Given information —
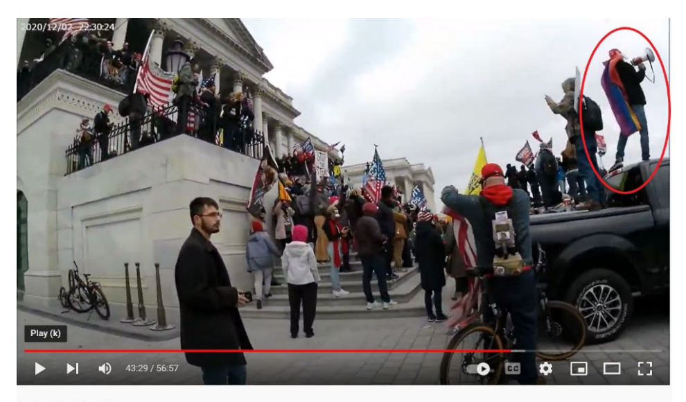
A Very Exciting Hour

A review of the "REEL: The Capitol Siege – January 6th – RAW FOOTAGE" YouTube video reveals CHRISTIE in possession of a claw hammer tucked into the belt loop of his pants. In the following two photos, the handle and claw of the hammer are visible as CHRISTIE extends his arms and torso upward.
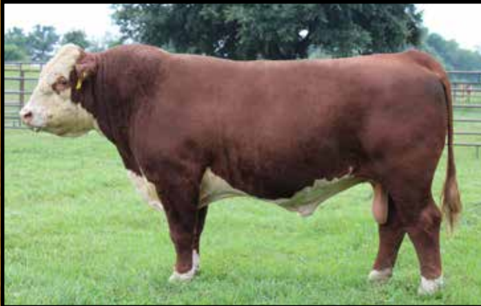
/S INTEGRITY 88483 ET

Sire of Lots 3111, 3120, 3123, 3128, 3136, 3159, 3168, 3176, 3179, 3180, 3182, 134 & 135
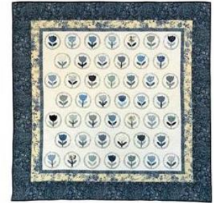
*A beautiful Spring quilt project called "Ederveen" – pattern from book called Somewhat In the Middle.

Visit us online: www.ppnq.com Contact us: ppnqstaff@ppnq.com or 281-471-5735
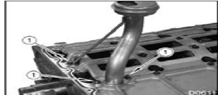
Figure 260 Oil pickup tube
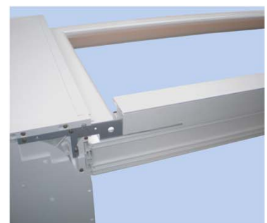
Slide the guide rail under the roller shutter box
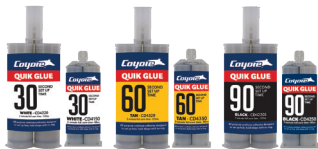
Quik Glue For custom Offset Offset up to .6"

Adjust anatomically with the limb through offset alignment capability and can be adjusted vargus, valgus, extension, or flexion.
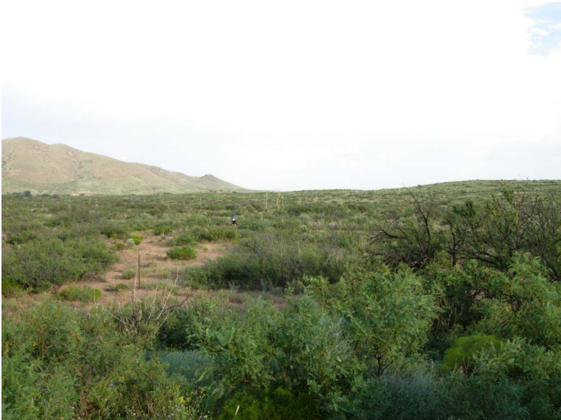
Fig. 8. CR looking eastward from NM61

---

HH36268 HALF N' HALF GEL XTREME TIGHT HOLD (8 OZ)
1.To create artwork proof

Requirement —
Print everything from the line with "Sire of Lots" down to the line with "Fig. 8. CR looking eastward from NM61" in the entries above, both lines included and nothing more, without the pictures.

Answer space —
Sire of Lots 3111, 3120, 3123, 3128, 3136, 3159, 3168, 3176, 3179, 3180, 3182, 134 & 135
*A beautiful Spring quilt project called "Ederveen" – pattern from book called Somewhat In the Middle.

Visit us online: www.ppnq.com Contact us: ppnqstaff@ppnq.com or 281-471-5735
Figure 260 Oil pickup tube
Slide the guide rail under the roller shutter box
Quik Glue For custom Offset Offset up to .6"

Adjust anatomically with the limb through offset alignment capability and can be adjusted vargus, valgus, extension, or flexion.
Fig. 8. CR looking eastward from NM61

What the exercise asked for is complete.